• _WHAT THE TASK ASKS_:
Print exactly the lines that run from the opening line of the material through the line with "대한항공은 다른 저가항공사", and nothing else, leaving out pictures.

• _INPUT FOR THIS TASK_:
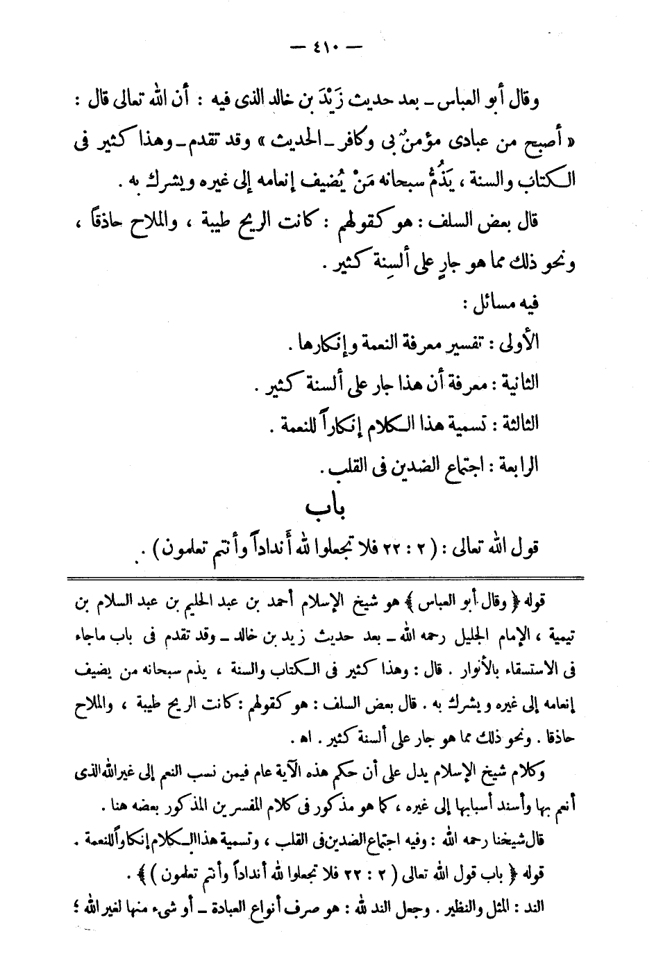 قوله: "باب قول الله تعالى: {فَلا تَجْعَلُوا لِلَّهِ أَنْدَاداً وَأَنْتُمْ تَعْلَمُونَ} ". الند: المثل والنظير. وجعل الند لله: هو صرف أنواع العباده أو شيء منها لغير الله،
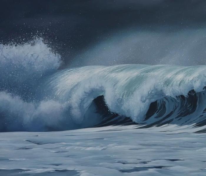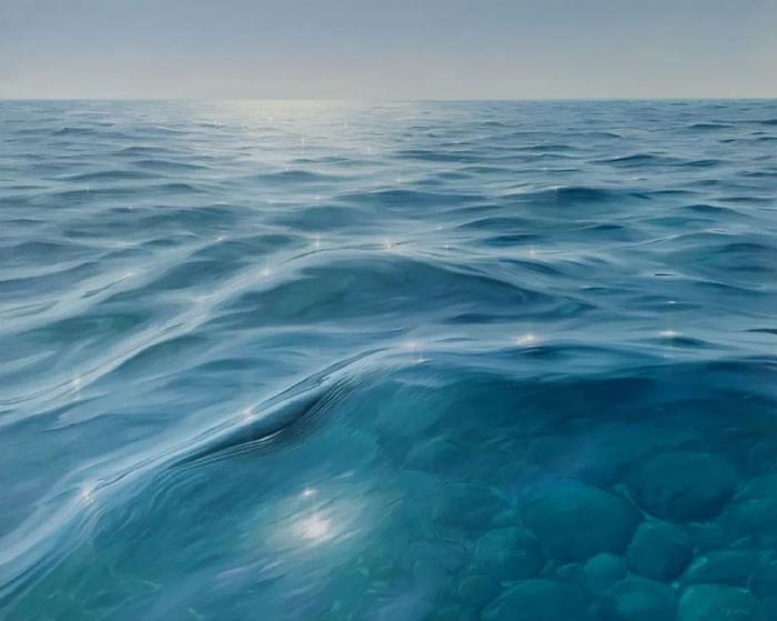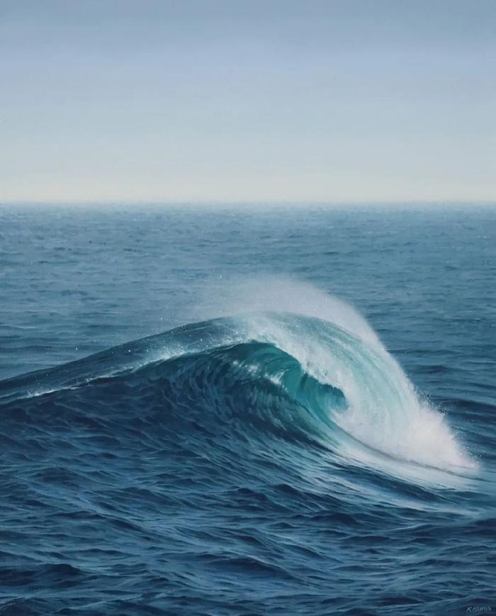 谈到这些描绘海洋的超写实绘画作品,凯瑟琳·伯恩斯说:“我被大海的变化所吸引,无论是平静还是狂野喧嚣的时刻,大海都可以引起我的情绪变化。在创作时,根本无需多余的描绘,只需要描绘大海最真实的一面,捕捉到色彩和光线的微妙变化就足够了。”
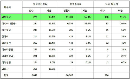 대한항공은 다른 저가항공사 대비 보유항공기는 10배, 종사자는 20배 이상 많은데도 국토부에 신고된 '운항기준' 준수만 점검한다는 것이다.
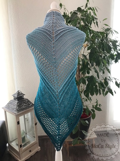 Dieses wunderschöne Dreieckstuch wurde aus einem 200g Bobbel (4-fädig, ca. 850 m LL) hergestellt. Ich habe hier NS 5,5 verwendet. Ihr könnt andere Wolle mit passender NS nehmen. Beachtet bitte, dass sich dann die Grösse des fertigen Werkes ändert.
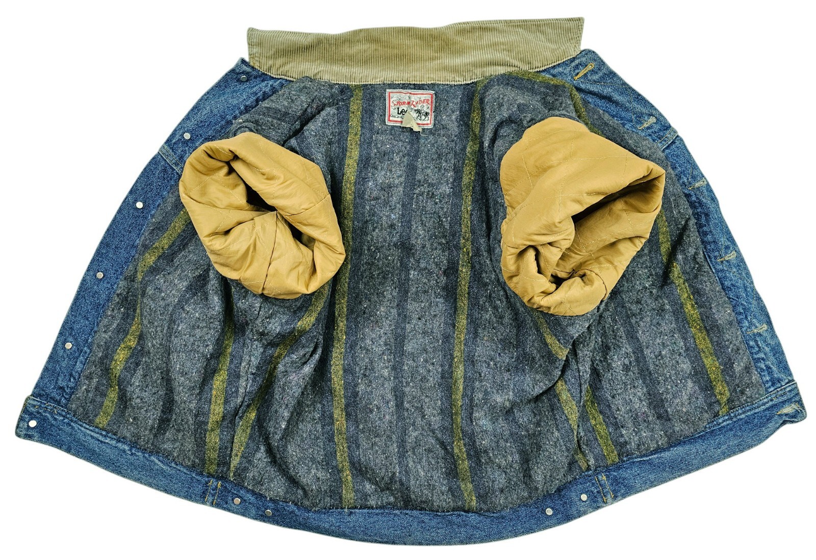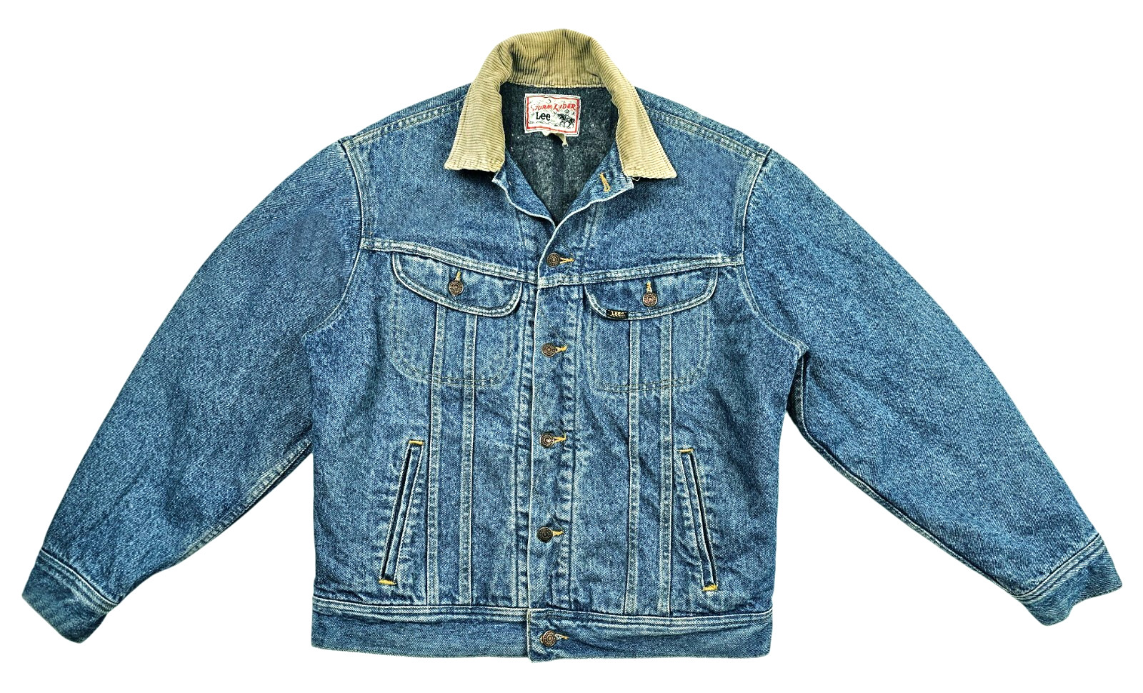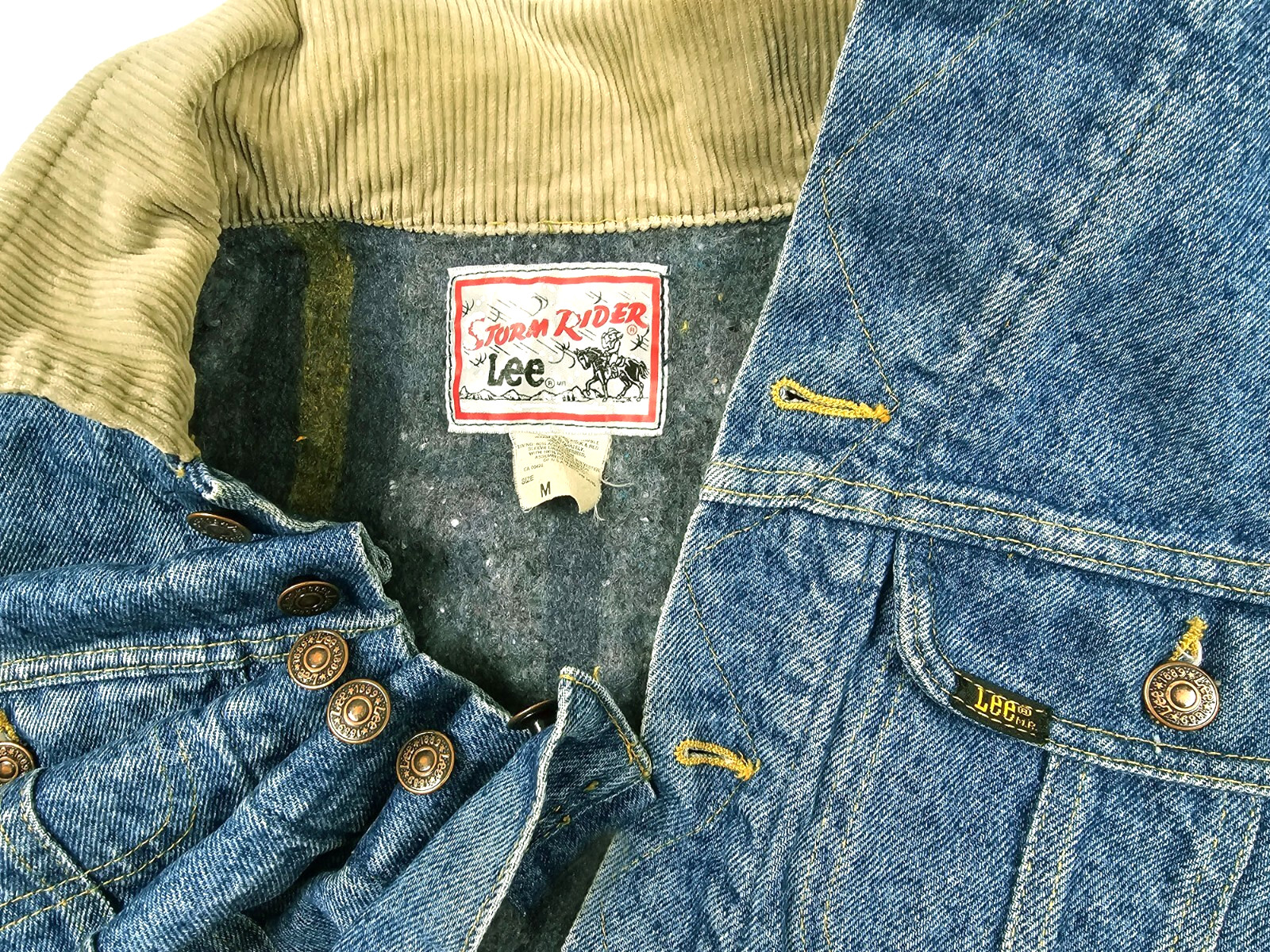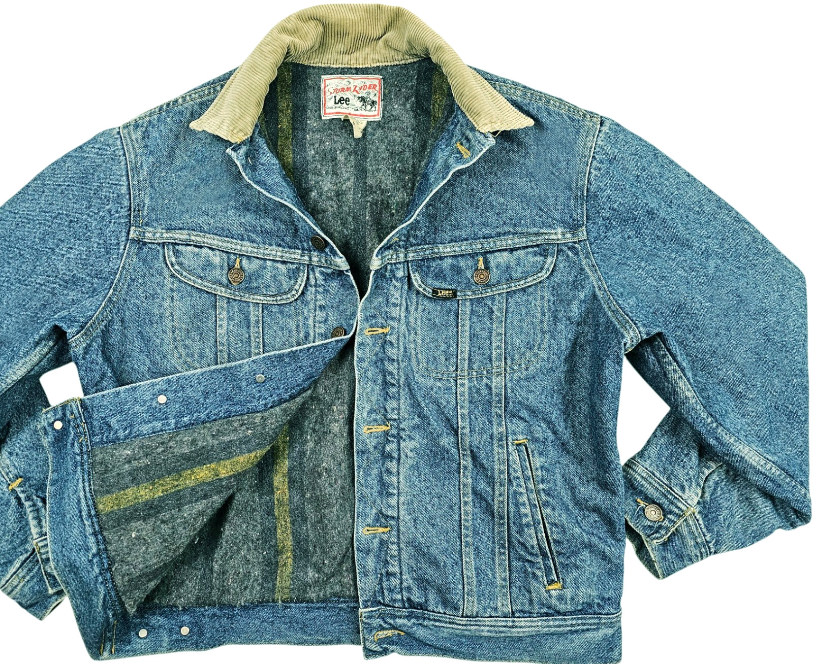 HOT VTG Men's LEE STORM RIDER TRUCKER BLANKET LINED 4 Pcks Denim JACKET Jeans M
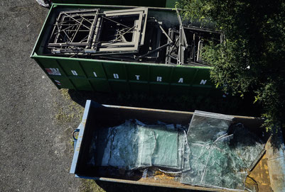 Beim Evangelischen Campus Nürnberg führen wir derzeit den kontrollierten Rückbau der bestehenden Aluminium-Glas-Fassade durch. Dabei trennen wir sämtliche Materialien – insbesondere Aluminiumprofile und Glas – sauber und sortenrein. Auf diese Weise stellen wir sicher, dass alle Komponenten ohne Qualitätsverlust recycelt und direkt wieder in den Wertstoffkreislauf zurückgeführt werden können.
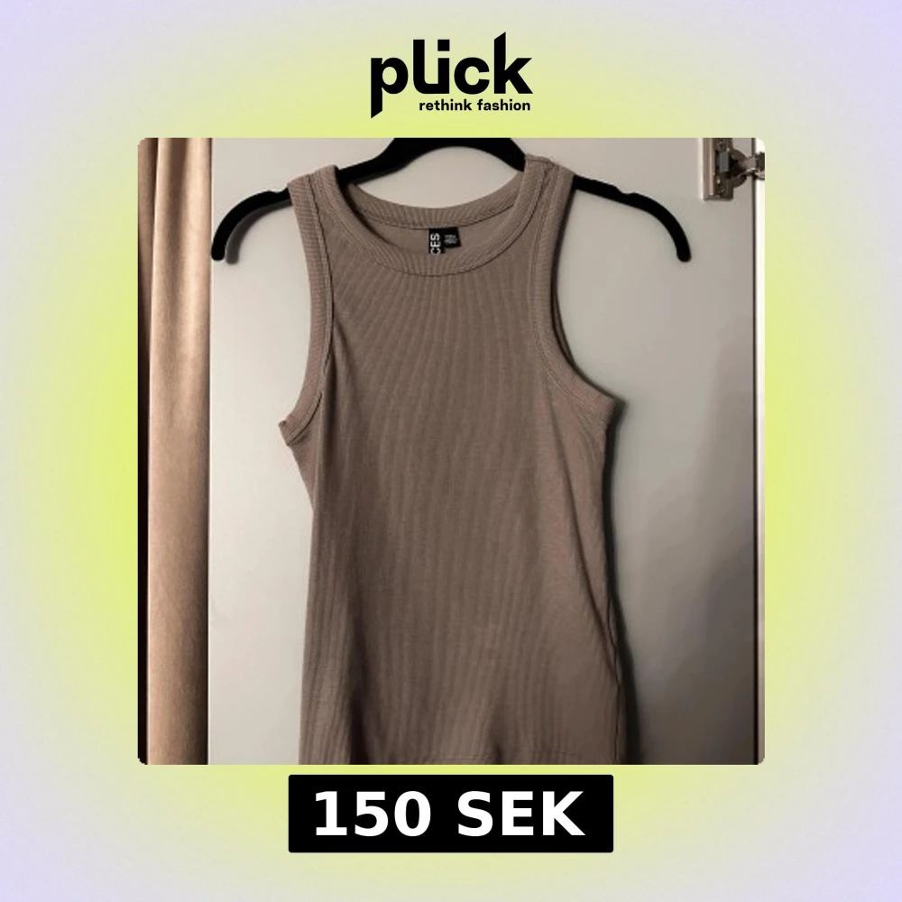 Säljer en stilren beige ribbad linnetopp från Pieces. Toppen är ärmlös med rund halsringning och har en tight passform som sitter snyggt på kroppen. Perfekt att matcha med jeans eller kjol för en clean look.
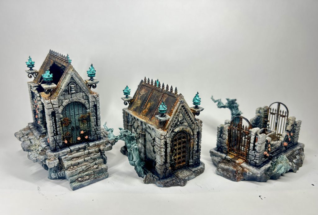 The Cursed Sepulcre is made up of three spooky houses. Two with rooves, one without. It ALSO makes the faction terrain for Nighthaunt, in the guise of a Nexus of Grief. Which is interesting and a bonus if you run both factions! Whilst ostensibly a “multibuild” kit the difference is so negligible between the two you can easily use this for both factions. Huzzah!

• _ANSWER SPACE_:
 قوله: "باب قول الله تعالى: {فَلا تَجْعَلُوا لِلَّهِ أَنْدَاداً وَأَنْتُمْ تَعْلَمُونَ} ". الند: المثل والنظير. وجعل الند لله: هو صرف أنواع العباده أو شيء منها لغير الله،
 谈到这些描绘海洋的超写实绘画作品,凯瑟琳·伯恩斯说:“我被大海的变化所吸引,无论是平静还是狂野喧嚣的时刻,大海都可以引起我的情绪变化。在创作时,根本无需多余的描绘,只需要描绘大海最真实的一面,捕捉到色彩和光线的微妙变化就足够了。”
 대한항공은 다른 저가항공사 대비 보유항공기는 10배, 종사자는 20배 이상 많은데도 국토부에 신고된 '운항기준' 준수만 점검한다는 것이다.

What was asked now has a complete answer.